GoaKarma evaluates whether additional financial behavior signals can help lenders identify creditworthy applicants who lack traditional credit history.
We work with lending institutions to conduct observational underwriting analysis without changing their existing approval process.
Millions of financially active individuals are declined for credit each year — not due to poor repayment behavior, but due to limited formal credit history. Traditional underwriting tools are designed for borrowers with established bureau records, leaving lenders unable to confidently evaluate otherwise viable applicants.
This gap affects both lenders and borrowers: institutions forgo potential performing loans, while responsible borrowers remain excluded from the formal financial system.
Current underwriting relies heavily on bureau records that don't exist for a significant portion of the population, particularly in emerging markets and among younger borrowers.
Lenders must decline applicants who may be creditworthy — not because of demonstrated poor behavior, but because there is insufficient data to evaluate them under existing frameworks.
Standard risk models were built for a different era of financial participation. New behavioral data exists but lacks structured evaluation within formal credit assessment.
For lending institutions, this gap represents both risk and opportunity. Identifying performing borrowers within the declined pool could meaningfully improve portfolio outcomes over time.
GoaKarma studies whether certain observable financial behaviors — such as payment consistency and digital financial activity — correlate with repayment outcomes over time.
Our objective is not to replace existing underwriting methods, but to determine whether additional information can assist lenders in responsibly expanding approvals while maintaining portfolio quality.
GoaKarma conducts analysis, evaluation, and observational review. We do not make approvals, set rates, or originate credit.

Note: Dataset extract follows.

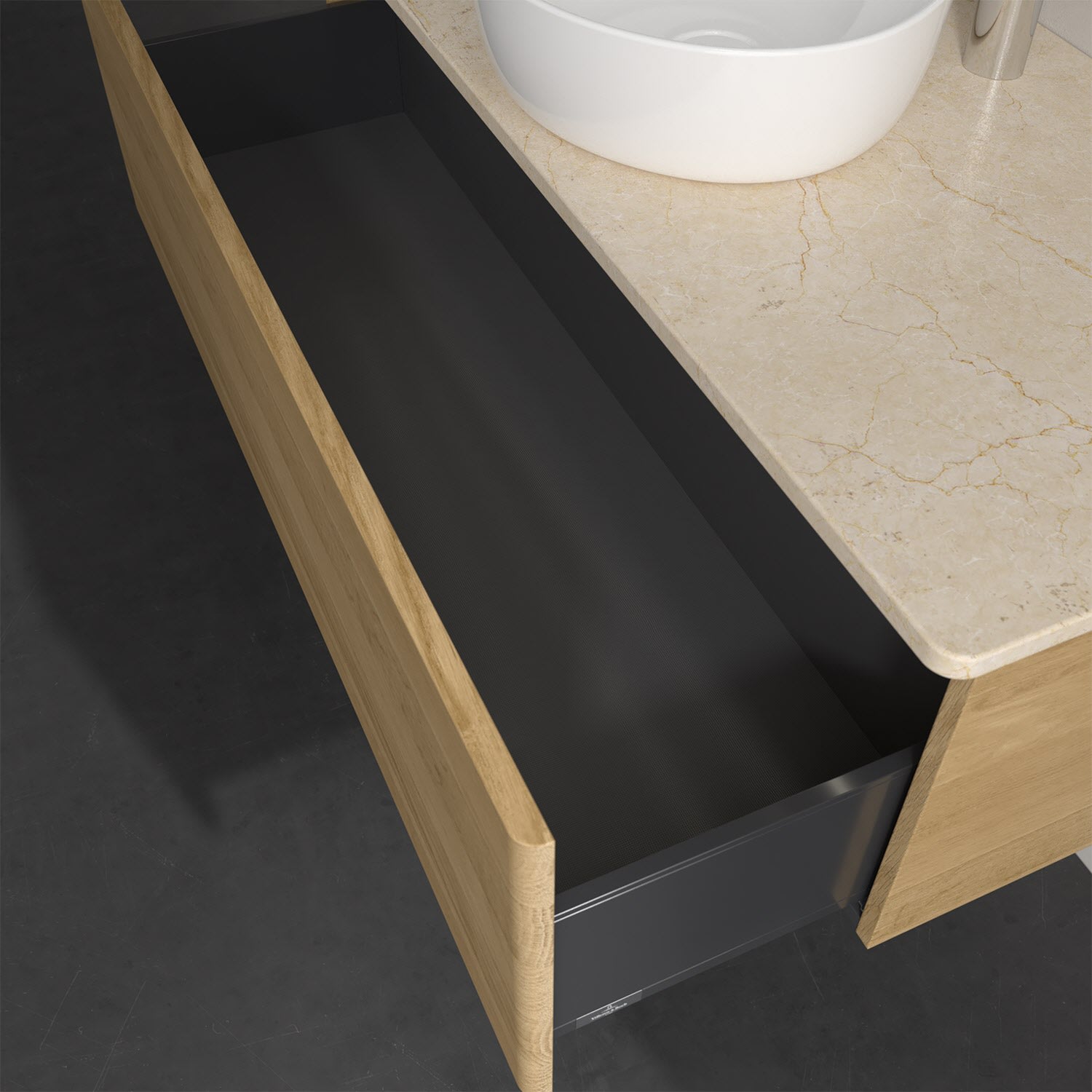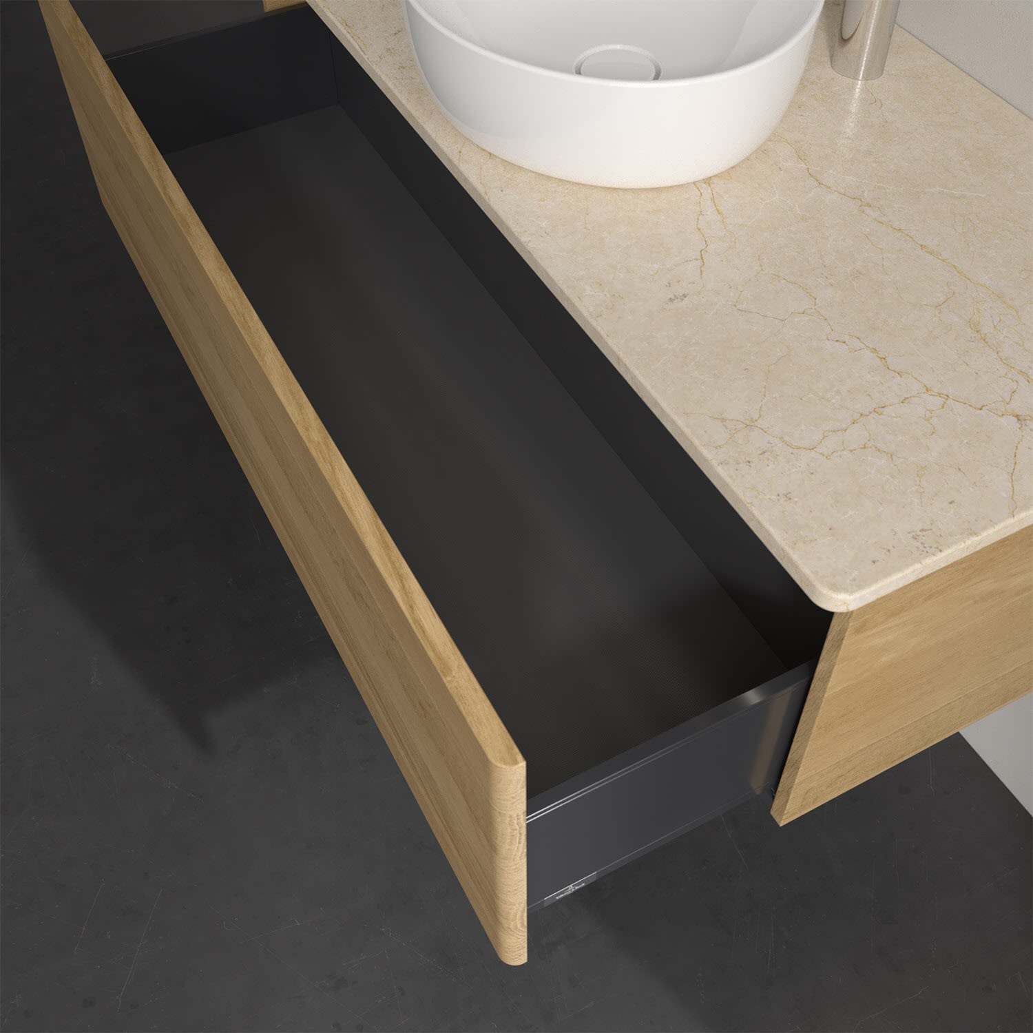 Der wandhängende Antao Waschtischunterschrank von Villeroy & Boch bietet nicht nur jede Menge Stauraum – er ist dank seines naturinspirierten Designs mit seinen abgerundeten Kanten auch noch besonders stilvoll und schafft eine gemütliche Atmosphäre im Badezimmer. Auf der Waschtischplatte bietet sich rechts und links neben dem Waschtisch viel Platz für Zahnbürstenbecher oder Seifenspender. Ein extra hoher Auszug bietet viel Platz, um alles Notwendige zu verstauen und Ordnung zu halten. Öffnen lässt er sich durch leichten Druck auf die grifflose Front. Dabei aktiviert sich übrigens die Auszugsbeleuchtung in angenehmem Warmweiß. Dank Vollauszug hat man immer alles im Blick und der Antirutschboden verhindert ein Umfallen oder Verrutschen der Gegenstände. Einfach clever! Für eine besonders leichte Pflege sorgt die mehrschichtig deckend lackierte Oberfläche. Bei der Ausführung in Massivholz wird dank des verarbeiteten Massivholzes jedes Möbel zu einem Unikat, das sich durch das lebendige Naturmaterial durch seine einzigartige Struktur und Maserung auszeichnet.

A simplified flow showing where behavioral analysis enters the underwriting pipeline.
A structured, four-stage process designed to provide insight without disrupting existing institutional workflows or approval policies.
A lender completes its standard underwriting process. No change to existing policies or systems is required at this stage.
Applications already declined may be shared with GoaKarma for independent analysis, at the institution's discretion.
GoaKarma conducts an offline, anonymized observational review of behavioral and financial signals.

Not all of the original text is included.